I set about to cracking my jokes. (it's the only way I can get through
all this) and gave my RE a hard time for having flip flops on and
running late. (His daughter ran his gas tank down the night before) Got
brought back to the ER room and placed an order for a cheeseburger and
fries with the embryologist through the lab window.... and I was out :)
Woke up to 13 eggs being retrieved. He couldn't reach them all, so I am
not sure how many were missed. We are happy with 13 though. Seems like a
lucky number. :)
I have been sick all day with nausea and dizziness so I have stopped my pain meds. Hoping this helps!
Monday, July 16, 2012
Fert Report
Got the word today that all 13 eggs were mature and 10 fertilized! This
is wonderful news. Somehow the double-digits just put your mind at ease.
Transfer is going to be Wednesday night.... yes, night. My RE is
actually here in town on Wednesday and not 2 hours away from us at his
lab, so we will transfer when he gets back for the day. Crazy times! It
does mean we get to go over early for Cheesecake Factory! :)
Thursday, July 19, 2012
Night Moves
Transfer happened after 9pm est last night. Weird timing, but that is
what happens when your RE is shared between his own clinic and 2 others.
He is a popular man. We transferred beautiful embies and had a pretty
easy time of it. I even won the award for Fullest Bladder... an award I
do not recommend aspiring to receive.
We also found out that all but one of our embies were still growing very well. We are really happy with the results.
Now we will see what this brings us... fingers and toes crossed!
Saturday, July 21, 2012
If 3 doesn't do it, maybe 4 will....
Got the call this morning that we had 4 very nice blastocysts make it to
freeze. The embryologist said they looked very nice. Sometimes, it is
nice to know that there could be a plan B if needed.... even though we
all know how our frozen cycles go. But 4, 4 I will take.
Friday, August 3, 2012
I have been keeping a secret...
If you know me outside of my blog,
please don't let this out. We are being very quiet about this until we
can figure out how to handle being pregnant again. Thanks :)

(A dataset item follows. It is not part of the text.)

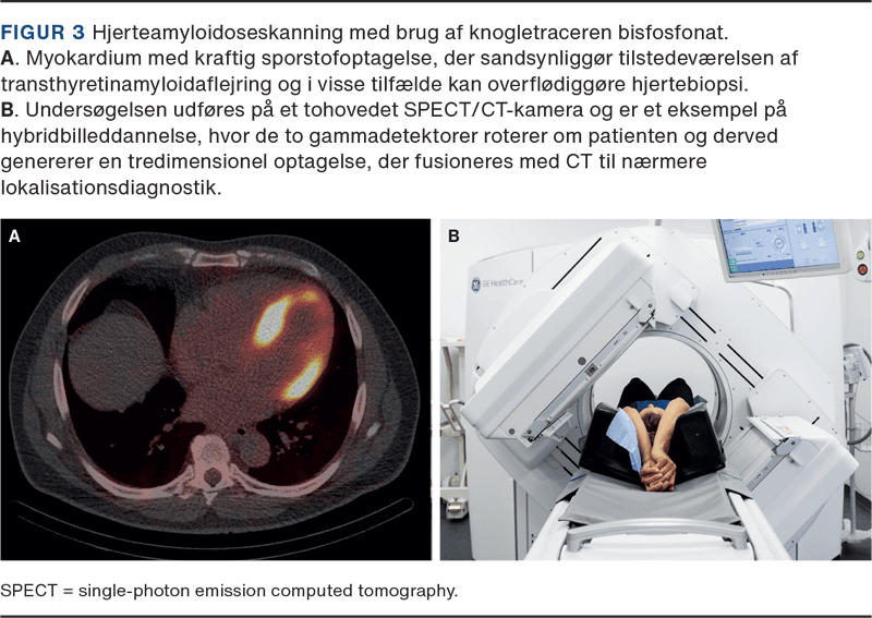 Klinisk fysiologi og nuklearmedicin har en lang forskningstradition med fokus på udvikling og afprøvning af metoder og medicinsk udstyr. I nogle tilfælde har et lægemiddels optagelsesmekanisme vist sig at åbne nye anvendelsesmuligheder. Knogletracere baseret på bisfosfonat, der via indbygning i hydroxyapatitkrystaller afspejler knoglenydannelse, har været benyttet til påvisning af mikrokalcifikationer i forbindelse med myokardieinfarkter, idiopatisk inflammatorisk myopati og calcifylaksiaflejringer. Aktuelt finder klassisk knogleskintigrafi anvendelse ved mistanke om amyloid transthyretinamyloidose (ATTR) med kardiel involvering (Figur 3). Den er en billig, noninvasiv og patientvenlig undersøgelse, der med høj sikkerhed kan identificere amyloidosepatienter, der vil have gavn af målrettet behandling [5]. Skintigrafi med metaiodobenzylguanidin (MIBG), der i lighed med noradrenalin optages i neuroendokrine celler via et transportprotein i plasmamembranen, blev udviklet til påvisning af fæokromocytom/neuroblastom, men kan også fremstille hjertets innervation og har fået en anden berettigelse, efter man er blevet opmærksom på, at hjertets sympatiske nervefibre påvirkes tidligt ved Parkinsons sygdom [6].

It appears as though IVF #7 has worked. I am pregnant. :) The last
couple of weeks have been pretty rough. It started after our ER. I got
bloated pretty bad, but by about our ET, I was feeling better and by the
weekend, things were back to normal. Monday morning, I woke up and was
feeling back to bloated and I was really queasy. Curious.... Tuesday it
was worse.... and this was while I was in training at School. Wednesday
I started having a hard time breathing because of the bloat, and by
Thursday, I had fullblown OHSS. In fact, I was feeling so bloated, I
knew at that point that if I took a test it would come up
positive....and it did. 3weeks4days and I knew :)
Thursday also meant that I called my RE to talk about OHSS. The pain was
incredible. My stomach was so tight and I was just miserable. They got
me all set up for testing Friday morning, which was to be my Beta Day. I
ended up sleeping in the recliner and made it through the night, but
not without thinking I might end up in the Emergency Room.
Friday morning, I set out for the Clinic. At 11, I had my blood drawn
and by noon I had had an u/s to check fluid levels and another blood
draw. They had me set up in a recliner in the office. I was going to
have to be drained.... Off to the hospital I went.
7 hours after heading out for a quick blood draw, I got back home. I had
2 IV bags of fluid. I had 850ml drained from my stomach and I felt so
much better. Tyler came with me and I think I about squeezed his hand
off during the procedure. We also found out that our beta came back at
134 at 9dp3dt, which is a very strong number.
We have since had 3 more betas and all is looking very good. We go in
for our ultrasound on the 15th. Until then.... one day at a time.